Solicitors are putting themselves at risk if they have to take the route of convincing the judge on assessment that they had a ‘good reason’ to exceed the budget. This task is not proving easy in many cases, leaving solicitors out of pocket. The survey also showed that costs lawyers are becoming more comfortable with the electronic bill of costs: 57 per cent said they were getting used to it compared to 41 per cent in 2018 – but 36 per cent still think it is making things worse, and 24 per cent described it as a hard sell to solicitors. A mere 5 per cent said solicitors were getting the hang of the electronic bill. Nearly three quarters of costs lawyers said the electronic bill had increased the costs of assessment, which is unsurprising as users get to grips with it. The recent guidance provided by the CoA on the proportionality test will have been welcomed by members (the ACL survey was carried out before the ruling in West & Demoupilied [2019] EWCA Civ 1220), with 57 per cent saying that up until now “everyone has their own approach” to the test with 59 per cent noting that it depended on which judge you were before.

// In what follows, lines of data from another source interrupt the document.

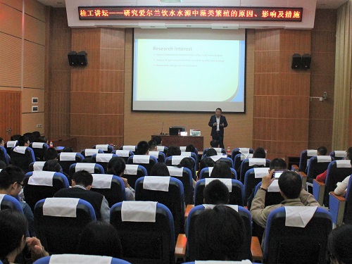 肖立文博士在报告中讲述了饮用水安全、河流生态修复、面源污染控制,污水能源回收等方面的研究,并为同学们阐述了爱尔兰饮水水源中藻类繁殖的原因、影响及措施:采用新技术对废水进行处理、农业活动对水质和生态的影响、可再生能源与环境的关系、从废水中提取能源、Vartry水库藻类繁殖等等。同学们感受到现代2138cc太阳集团官网入口需要各学科之间交叉应用。会后同学们积极发言提问,与肖教授进行了思想上的交流。
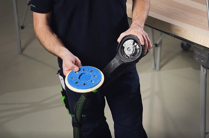 Le plateau peut être changé très rapidement sur le Rotex grâce à l'interface FastFix. Pour cela, il faut d'abord débrancher la prise de courant et mettre le commutateur sur le ponçage grossier. L'arrêt de la broche est alors actionné. Le plateau est ensuite dévissé sans outil dans le sens inverse des aiguilles d'une montre.
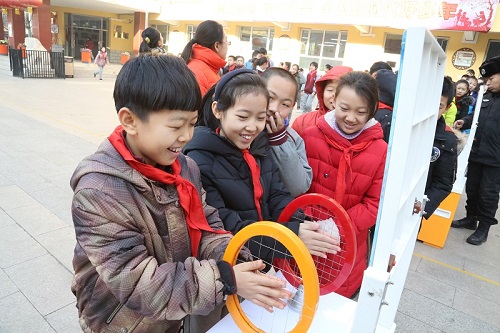活动现场同学们围在科普展品前,兴致勃勃的体验了“天鹅绒触觉”、“懒惰环”、“旋转的银弹”、“无弦琴”等17件科普展品,让孩子们在互动体验中感受到了科学带来的快乐和科普展品的神奇魅力。

Nearly half also called for a comprehensive review of the costs provisions in the Solicitors Act 1974, a view shared by many in the costs world. In a case last year (Allen v Brethertons LLP [2018] EWHC B15), a costs judge chided a firm of solicitors for not treating the costs lawyer on the other side with “the same professional courtesy as a solicitor would expect”. Three-quarters of the costs lawyers surveyed by the ACL said solicitors treated them with appropriate professional respect and courtesy, though a fifth said they did not. The survey shows the continuing and important role that costs lawyers play in the legal market. I am confident in our members’ ability to adapt given the increasingly central role that costs play in the conduct of litigation.